Audo-Sight: AI-driven Ambient Perception Across Edge-Cloud for Blind and Low Vision Users
The edge-cloud hybrid system beats GPT-5 for 62% of blind and low-vision participants in human evaluations.
A team of researchers including Jacob Bradshaw and Mohsen Amini Salehi has published a paper on Audo-Sight, a breakthrough AI system designed to help blind and low-vision (BLV) individuals understand their environment through conversational voice interaction.

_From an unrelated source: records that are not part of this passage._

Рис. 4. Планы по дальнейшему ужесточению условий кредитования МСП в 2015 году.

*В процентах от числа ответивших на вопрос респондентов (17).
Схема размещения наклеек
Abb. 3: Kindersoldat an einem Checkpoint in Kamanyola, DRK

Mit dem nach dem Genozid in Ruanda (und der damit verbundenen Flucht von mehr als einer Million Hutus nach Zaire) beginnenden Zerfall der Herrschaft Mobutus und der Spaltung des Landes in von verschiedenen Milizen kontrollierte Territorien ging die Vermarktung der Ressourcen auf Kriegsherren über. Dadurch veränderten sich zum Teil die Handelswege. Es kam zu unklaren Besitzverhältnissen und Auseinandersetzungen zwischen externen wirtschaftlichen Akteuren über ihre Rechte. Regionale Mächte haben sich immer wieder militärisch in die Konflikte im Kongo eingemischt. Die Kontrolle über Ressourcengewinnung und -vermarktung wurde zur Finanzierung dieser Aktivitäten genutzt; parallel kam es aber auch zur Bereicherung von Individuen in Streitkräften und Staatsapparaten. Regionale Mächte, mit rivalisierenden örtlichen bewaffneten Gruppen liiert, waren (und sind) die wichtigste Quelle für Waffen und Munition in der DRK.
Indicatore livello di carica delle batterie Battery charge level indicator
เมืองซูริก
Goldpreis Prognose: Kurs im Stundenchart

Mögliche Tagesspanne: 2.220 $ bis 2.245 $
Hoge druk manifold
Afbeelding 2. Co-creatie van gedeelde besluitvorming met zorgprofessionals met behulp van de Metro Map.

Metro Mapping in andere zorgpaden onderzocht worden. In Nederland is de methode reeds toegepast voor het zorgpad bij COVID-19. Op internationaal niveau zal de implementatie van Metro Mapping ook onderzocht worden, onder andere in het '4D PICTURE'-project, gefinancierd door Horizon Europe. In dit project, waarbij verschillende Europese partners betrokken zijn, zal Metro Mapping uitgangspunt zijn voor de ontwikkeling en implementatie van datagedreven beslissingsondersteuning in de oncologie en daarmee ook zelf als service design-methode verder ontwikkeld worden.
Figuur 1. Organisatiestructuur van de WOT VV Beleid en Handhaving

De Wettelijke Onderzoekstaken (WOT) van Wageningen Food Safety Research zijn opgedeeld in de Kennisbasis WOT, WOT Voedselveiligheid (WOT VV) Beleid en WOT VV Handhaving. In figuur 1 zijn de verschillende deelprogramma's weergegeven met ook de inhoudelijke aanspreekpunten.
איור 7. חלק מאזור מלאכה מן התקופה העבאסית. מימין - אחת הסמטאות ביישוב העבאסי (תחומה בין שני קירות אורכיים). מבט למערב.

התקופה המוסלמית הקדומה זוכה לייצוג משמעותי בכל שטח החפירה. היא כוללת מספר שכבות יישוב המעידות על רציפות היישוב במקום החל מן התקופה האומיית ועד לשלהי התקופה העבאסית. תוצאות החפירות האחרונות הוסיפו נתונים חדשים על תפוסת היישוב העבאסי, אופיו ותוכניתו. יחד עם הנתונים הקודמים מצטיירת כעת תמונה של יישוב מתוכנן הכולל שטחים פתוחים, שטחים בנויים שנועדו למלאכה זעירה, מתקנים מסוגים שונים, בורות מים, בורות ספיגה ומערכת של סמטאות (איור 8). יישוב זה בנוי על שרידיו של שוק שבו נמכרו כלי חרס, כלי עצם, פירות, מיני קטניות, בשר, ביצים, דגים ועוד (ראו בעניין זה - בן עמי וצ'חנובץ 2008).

The system tackles the critical challenge of providing timely and accurate ambient perception by employing a distributed architecture of expert and generic AI agents across edge devices (like smartphones or wearables) and cloud servers. Its core innovation is a dynamic routing system that analyzes query urgency and context to send scene data to the most suitable processing pipeline.
For urgent queries requiring speed, Audo-Sight simultaneously leverages both edge and cloud. The edge generates a quick initial response, while the cloud works on a more detailed analysis. The novel Response Fusion Engine then seamlessly merges these outputs, ensuring users get both speed and accuracy. Systematic evaluations show dramatic performance gains: speech output is delivered around 80% faster for urgent tasks, and complete responses are generated approximately 50% faster across all tasks compared to a commercial cloud-only baseline.
Perhaps most compelling are the human evaluation results. In tests with BLV participants, Audo-Sight was the preferred choice over a leading model like GPT-5 for 62% of users, with another 23% finding both systems comparable. This demonstrates that a purpose-built, hybrid architecture can outperform even the most advanced general-purpose LLMs for specific, high-stakes accessibility applications where latency and reliability are paramount.
- Uses a hybrid edge-cloud architecture with specialized AI agents to process environmental queries, dynamically routing based on urgency and context.
- Introduces a Response Fusion Engine that merges fast edge responses with accurate cloud outputs, achieving 80% faster speech for urgent tasks.
- Human evaluations show 62% of BLV participants preferred Audo-Sight over GPT-5, highlighting its effectiveness for real-world accessibility.
Why It Matters
It demonstrates how specialized AI architectures can significantly outperform general models like GPT-5 for critical real-world applications, particularly accessibility.